§ **What is needed**
Repeat every record below exactly, omitting any pictures.

*** Begin section ***

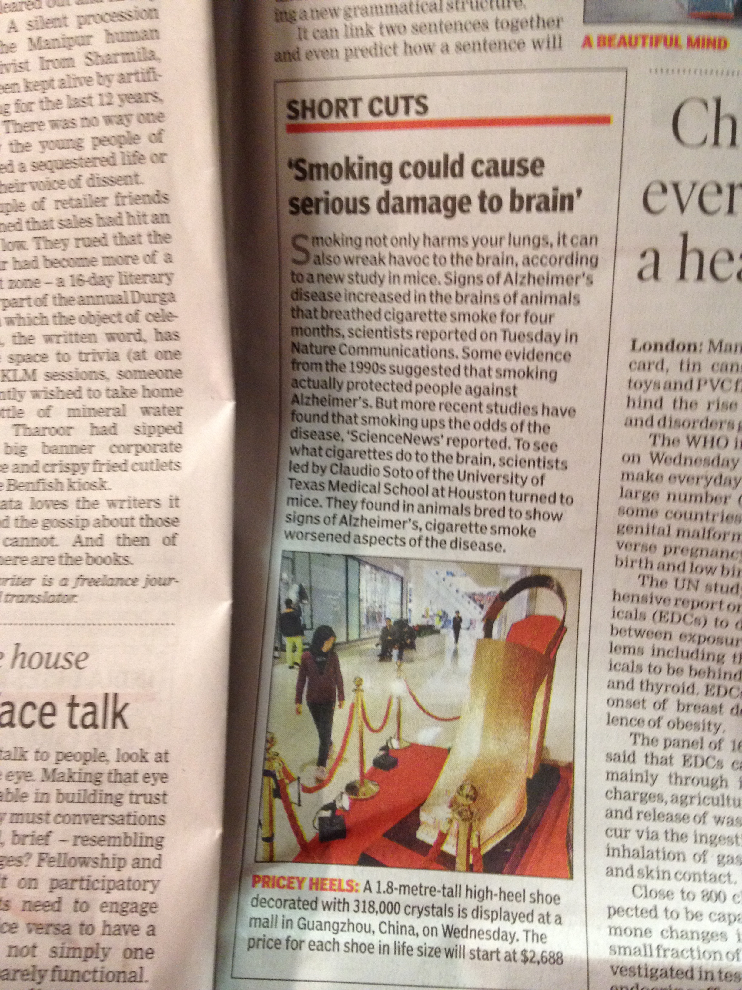 Once we’re all in the terminal, Chad sweet talks our way into the British Airways members club where we can eat and drink and wait for our flight. I read newspapers with breaking headlines like these:
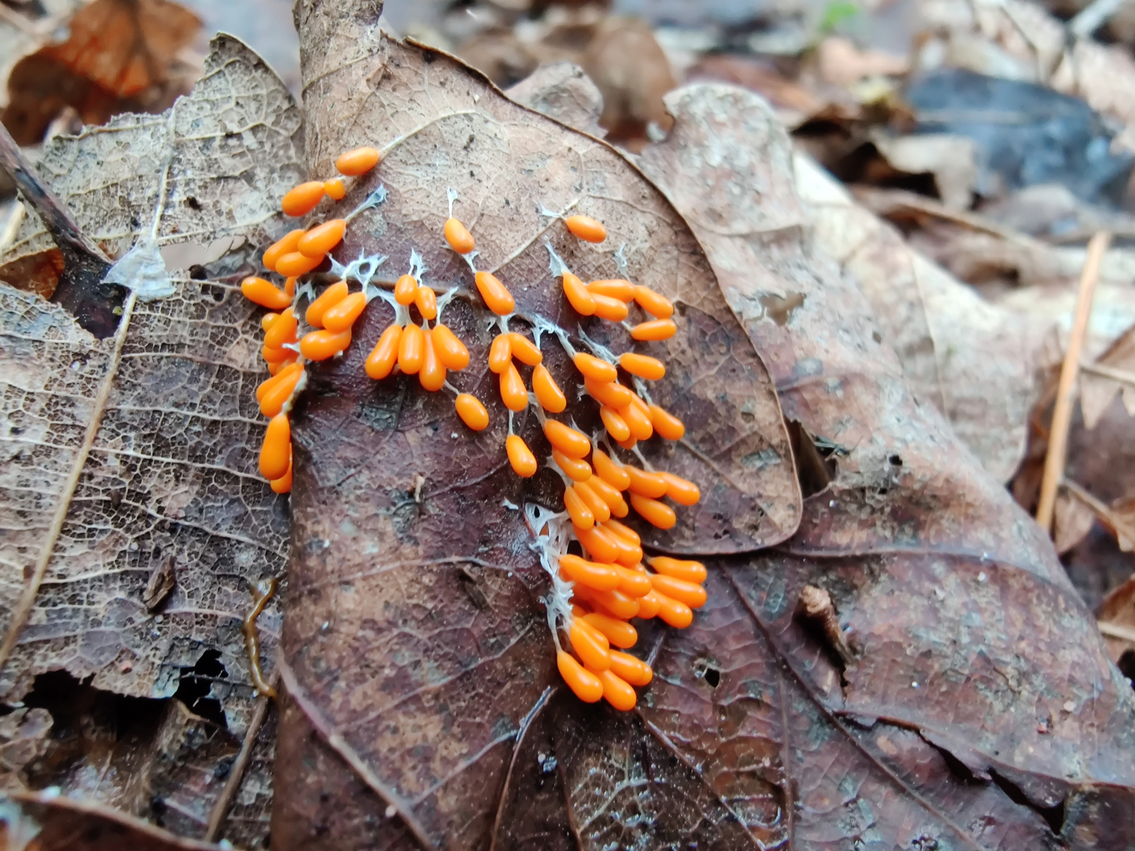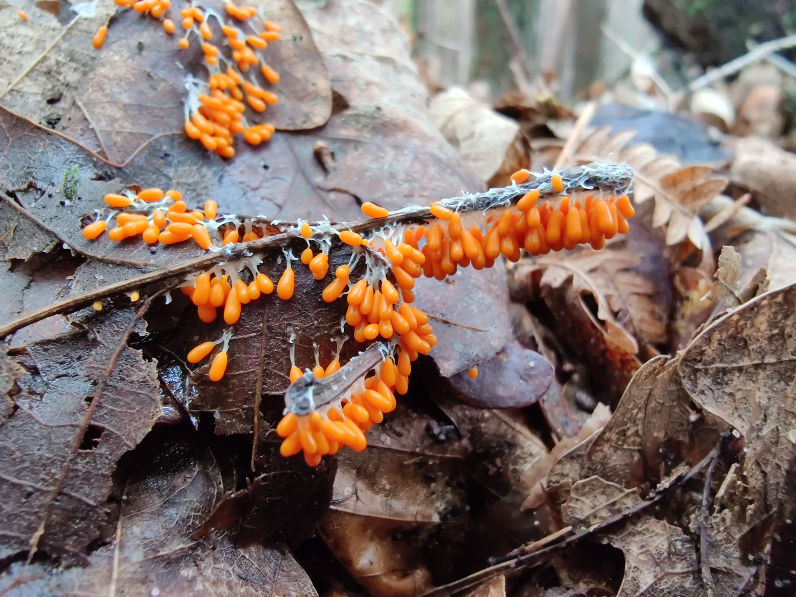 4. Immer wieder sind mir Schleimpilze aufgefallen. Näher angeschaut hatte ich mir nur einen, auch ein Erstfund. Das Löwenfrüchtchen (Leocarpus fragilis)
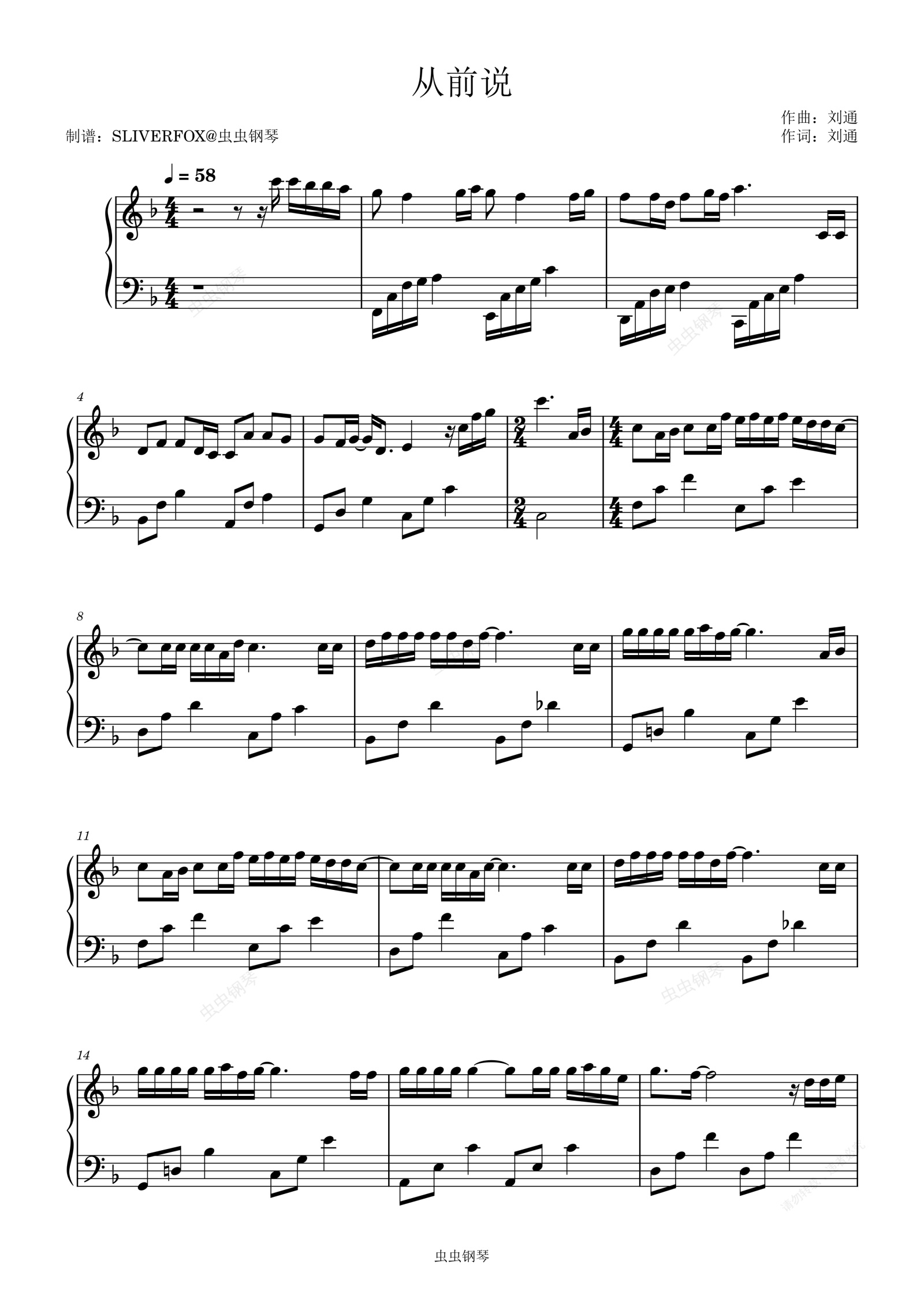 钢琴谱:《从前说》成人流行钢琴谱F调
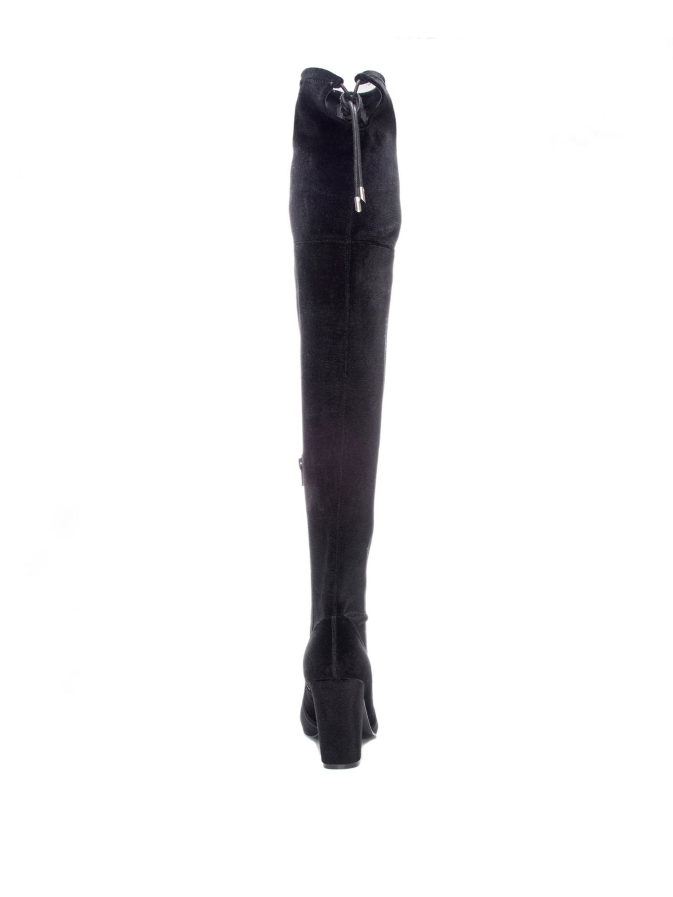 Womens Black Tie Velvet Fabric Comfort Bree Round Toe Block Heel Zip-Up Dress Heeled Boots
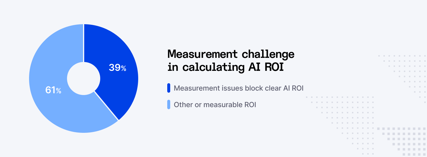 - 39% of executives report that measurement problems prevent them from calculating AI ROI clearly.

*** End section ***

§ **Output of the exercise**
 Once we’re all in the terminal, Chad sweet talks our way into the British Airways members club where we can eat and drink and wait for our flight. I read newspapers with breaking headlines like these:
 4. Immer wieder sind mir Schleimpilze aufgefallen. Näher angeschaut hatte ich mir nur einen, auch ein Erstfund. Das Löwenfrüchtchen (Leocarpus fragilis)
 钢琴谱:《从前说》成人流行钢琴谱F调
 Womens Black Tie Velvet Fabric Comfort Bree Round Toe Block Heel Zip-Up Dress Heeled Boots
 - 39% of executives report that measurement problems prevent them from calculating AI ROI clearly.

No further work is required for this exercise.